EconWar



Greensboro News & Record


January 31, 1996

Will Volvo Build Plant in N.C.?

Scott Solomo, Staff Writer

Copyright © 1996, Greensboro News & Record




Economic developers eagerly await Sweden-based Volvo's decision on whether - and where - it will build a U.S. auto plant.

Before North Carolina's industry recruiters start flying the Swedish flag, they should remember one thing: Sweden-based AB Volvo hasn't even decided whether to build a North American auto assembly plant, never mind where.

Rumors have been swirling in recent weeks that Volvo is searching for a U.S. site on which to build a plant to make sport utility vehicles.

North Carolina, Georgia, South Carolina, Tennessee and Alabama have all been mentioned as possible locations for the project, if and when it's built.

The Wall Street Journal even laid out each state's odds of landing the Volvo plant. For the record, North Carolina was a 12-to-1 shot behind Georgia (5-to-1) and South Carolina (8-to-1).

But to hear Volvo officials tell it, the European automaker is nowhere near making a decision to go forward.
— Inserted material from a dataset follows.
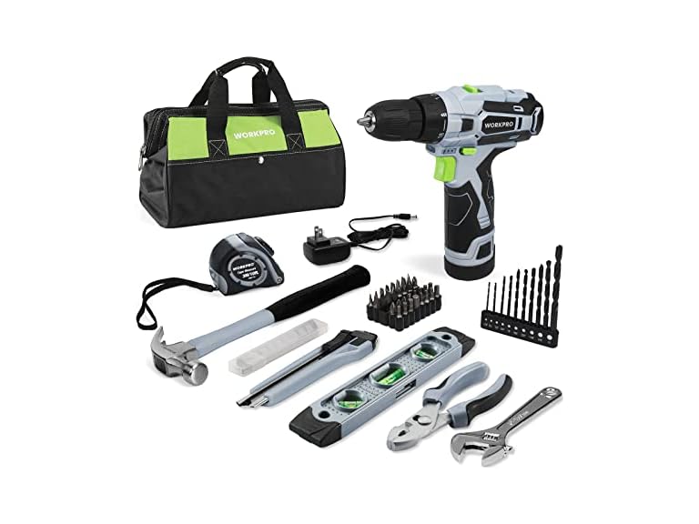 - High Quality & Affordable Drill Kit: 12 V Cordless Drill Driver with 1*1.5 Ah Lithium-ion Battery, 1*Charger, 1*Utility Knife, 10*Utility Knife Blades, 10*HSS4241 Drill Bits, 1*60 mm Bit Holder, 32*CR-V Screwdriver Bits,1*6 inch Slip Joint Pliers, 1*6 inch Adjustable Wrench, 1*8 oz Fiberglass Claw Hammer, 1*10 Ft (3 m) Tape Measure, 1*Torpedo Level, 1*14-inch Storage Bag

''The possibility of having a factory in the U.S. - or Canada for that matter - is not for the moment for us a hot issue,'' Ingmar Hesslefors, a spokesman for Volvo Car Corp. in Gothenburg, Sweden, said in a telephone interview Tuesday. ''It's not on the agenda for the management board of this corporation.''

However, the company has looked at U.S. sites, including property in North Carolina ''on a preliminary basis,'' Hesslefors said. He declined to talk about specifics.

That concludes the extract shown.